Tommy Thompson, Secretary of Health and Human Services in the Bush administration, has now joined the growing list of Cabinet members who are “resigning” their posts as Bush’s first term makes way for his second term in office. Thompson’s farewell address was a scary script — not just about health and human services but also, and more importantly, about the Bush philosophy of the role of government in shaping America’s present and future.

Thompson warns that there might well be a global flu epidemic in the days ahead, and he also fears that anti-American terrorists will attack our food supply. He is surprised that they have not already tried to do so. While these are ventures regarding what might be, Thompson also deals with what was — what has been happening — while he was serving in his sensitive post.

Apparently he now dares to reveal what he felt he could not, or should not, reveal while serving as a loyal member of the Cabinet. In doing so, intentionally or unintentionally, he exposes the driving force underlying the Bush regime. Thompson does so by describing his inability to do an honest, constructive job because of the underlying commitment of the Bush administration to a select elitist class in America. Here’s the startling story:

Thompson wanted the power to negotiate with the big drug companies to hold down the rates they charge Medicare patients. The power was denied to him. The White House and Republicans in Congress said that such a move would result in the government imposing price controls…a cardinal sin in the GOP moral system.

But as any businessman or any union leader knows, “bargaining” over price is not the same as “setting” the price. In “bargaining” one may say, “if you reduce the price we will buy more,” or “if you reduce the price we will not shop around for an alternative medicine,” etc. So, why did the administration and its cohorts deny Thompson the right to bargain?

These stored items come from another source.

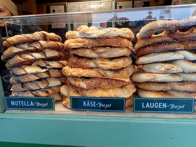 The amusement park is not too far from the port. The weather was cold and winds that were predicted to be quite heavy that afternoon started picking up while we were at the top of the wheel so we didn’t spend a lot of time looking around the booths at that park’s Christmas market before heading back to the ship, though we did stop there long enough to have a hot drink and share a giant soft pretzel. European wheat is different from the wheat in America and not nearly as likely to bother non-celiac people with gluten sensitivities to American wheat.
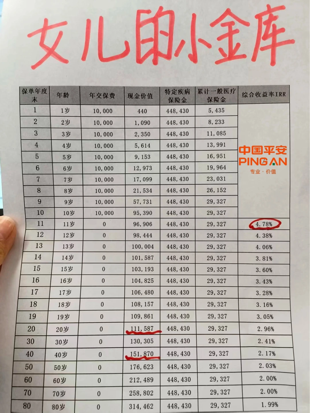 40岁时,达到15.3万,女儿终身有笔钱能用
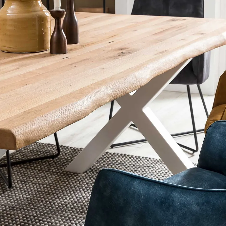 - Holzoberfläche natürlich geölt, Metall in Weiß pulverbeschichtet
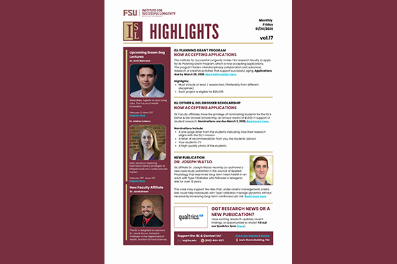 Living well means many things, so we draw on the talents of researchers in many fields across the Florida State University campus to look at health, cognition, recreation, mobility, financial security and other concerns.

It takes no genius to discover the answer. In effect, the government is saying to the drug makers, whatever you want, you get. It’s a philosophy that elevates greed over need.

If that policy were limited to dealing with pharmaceutical firms only, that would be bad enough. But it is a policy that has penetrated every pore of this regime’s operations, from taxation to the awarding of contracts, and to the decisions about who should fill our powerful Cabinet posts in the next four years.

What a contrast to the noble notion that our government should be a “government of the people, by the people, and for the people,” embodied in the call of the Preamble to the Constitution to “promote the general welfare.” And what a change from FDR’s “welfare state” to G.B.’s “warfare state.”